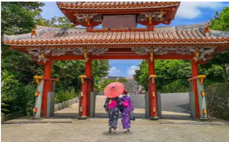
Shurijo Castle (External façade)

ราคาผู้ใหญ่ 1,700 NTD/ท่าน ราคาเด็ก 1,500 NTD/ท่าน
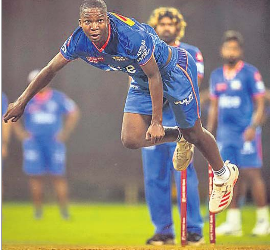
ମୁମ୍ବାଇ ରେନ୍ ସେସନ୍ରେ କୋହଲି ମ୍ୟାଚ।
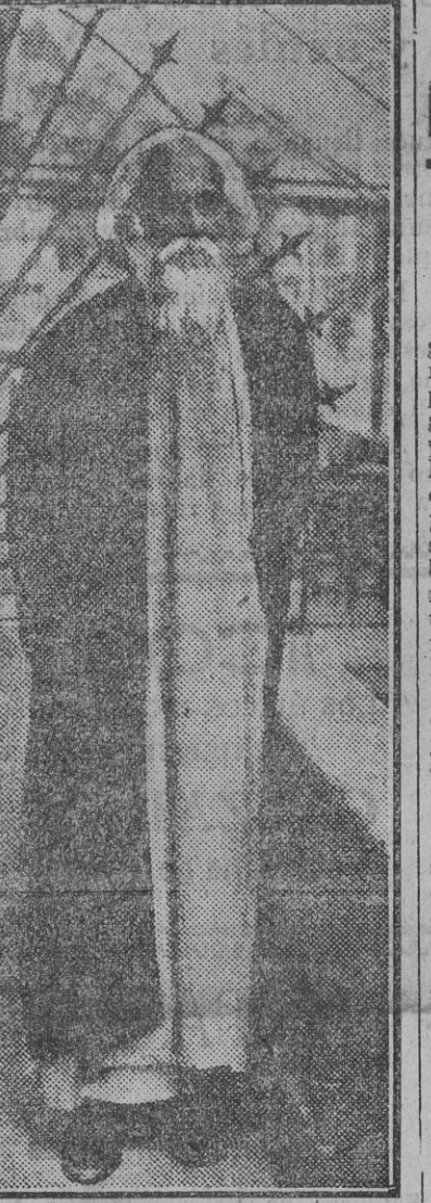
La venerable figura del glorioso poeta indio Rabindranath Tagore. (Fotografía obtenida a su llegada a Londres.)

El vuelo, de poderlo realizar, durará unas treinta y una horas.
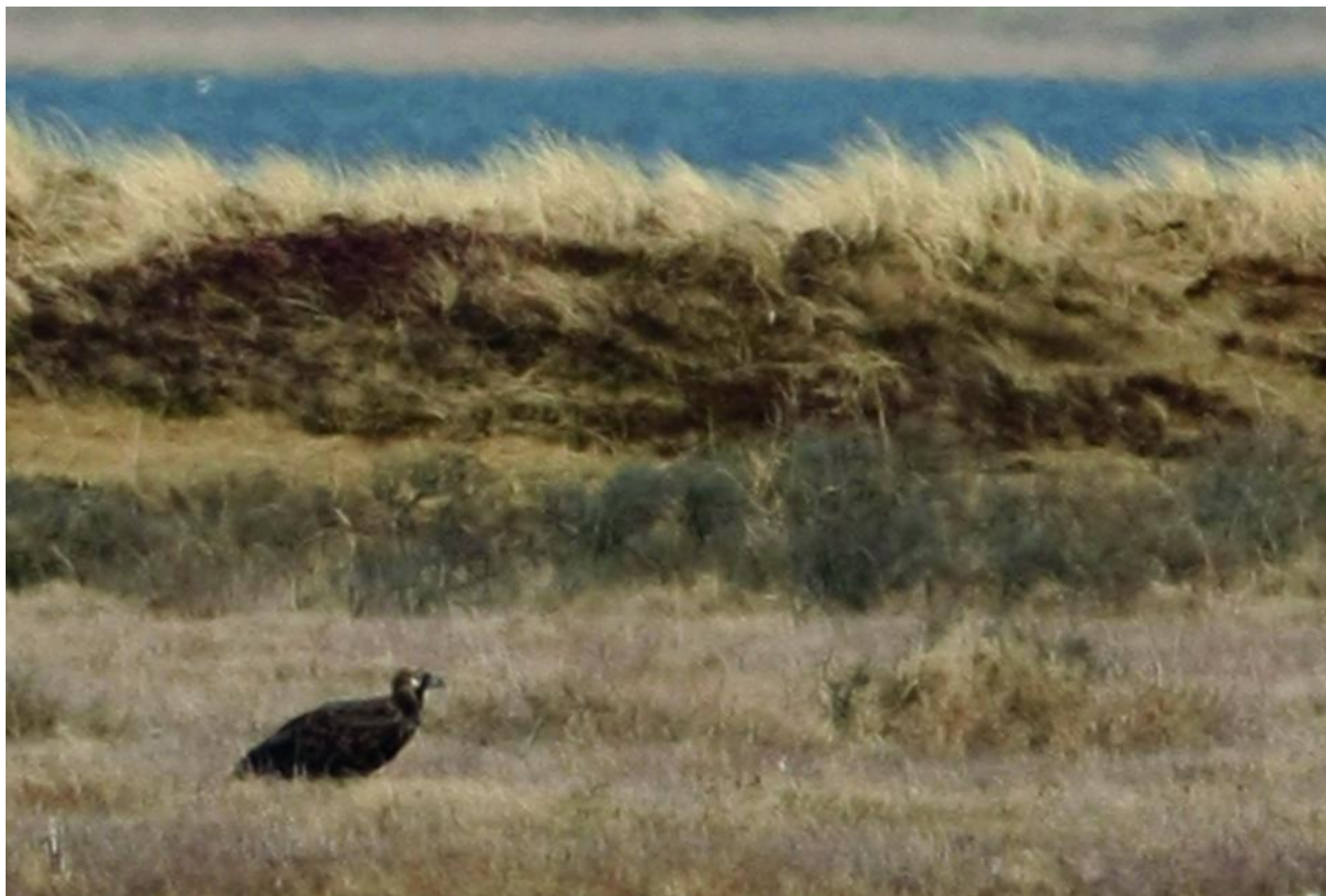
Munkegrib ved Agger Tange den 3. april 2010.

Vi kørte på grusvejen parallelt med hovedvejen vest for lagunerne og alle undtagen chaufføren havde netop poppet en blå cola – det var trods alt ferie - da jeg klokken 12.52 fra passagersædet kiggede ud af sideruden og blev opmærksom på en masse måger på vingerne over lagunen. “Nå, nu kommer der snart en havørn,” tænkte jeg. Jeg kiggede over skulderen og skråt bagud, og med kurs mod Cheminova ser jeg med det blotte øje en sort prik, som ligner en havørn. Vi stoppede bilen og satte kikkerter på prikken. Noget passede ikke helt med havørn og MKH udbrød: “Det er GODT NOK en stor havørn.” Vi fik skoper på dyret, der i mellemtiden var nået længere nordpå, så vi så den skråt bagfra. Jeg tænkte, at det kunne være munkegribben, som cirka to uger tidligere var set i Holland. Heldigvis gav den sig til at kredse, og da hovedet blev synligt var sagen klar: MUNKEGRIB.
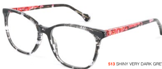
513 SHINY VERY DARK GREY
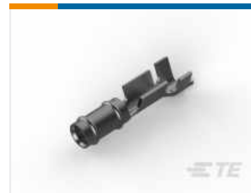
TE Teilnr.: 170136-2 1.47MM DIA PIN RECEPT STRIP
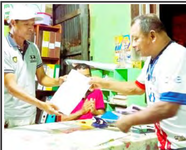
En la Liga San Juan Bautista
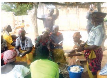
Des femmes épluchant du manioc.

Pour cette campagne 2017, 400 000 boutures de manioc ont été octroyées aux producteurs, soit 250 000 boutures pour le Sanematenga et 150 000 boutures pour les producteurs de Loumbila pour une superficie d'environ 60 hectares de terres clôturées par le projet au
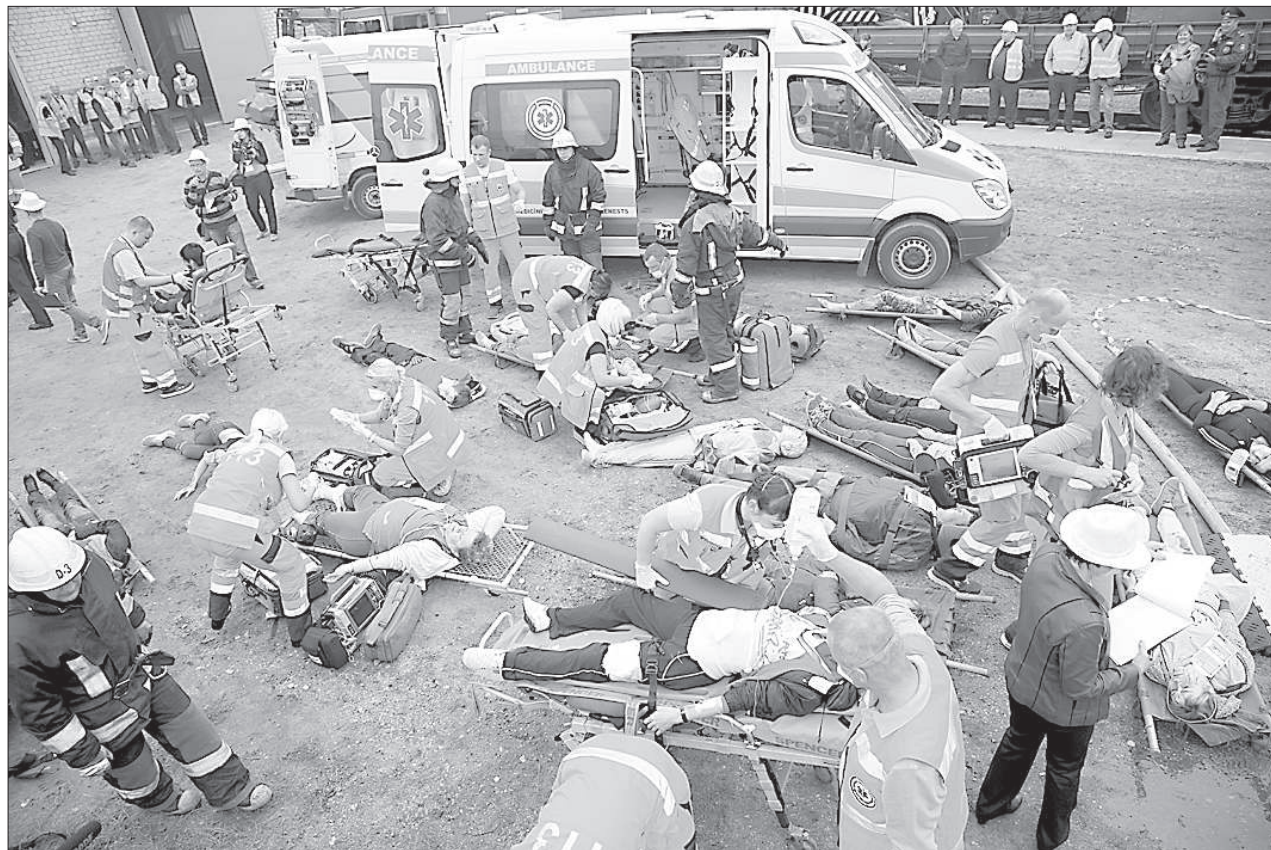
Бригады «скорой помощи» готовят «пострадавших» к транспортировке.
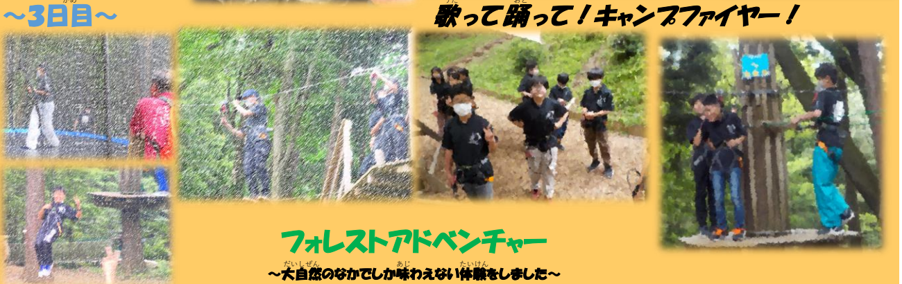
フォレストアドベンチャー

━━━

## Work order
Repeat, word for word, the lines of the material above from the one holding "La venerable figura" through the one holding "Munkegrib ved Agger Tange den 3. april 2010.". Leave out pictures.

## Your solution
La venerable figura del glorioso poeta indio Rabindranath Tagore. (Fotografía obtenida a su llegada a Londres.)

El vuelo, de poderlo realizar, durará unas treinta y una horas.
Munkegrib ved Agger Tange den 3. april 2010.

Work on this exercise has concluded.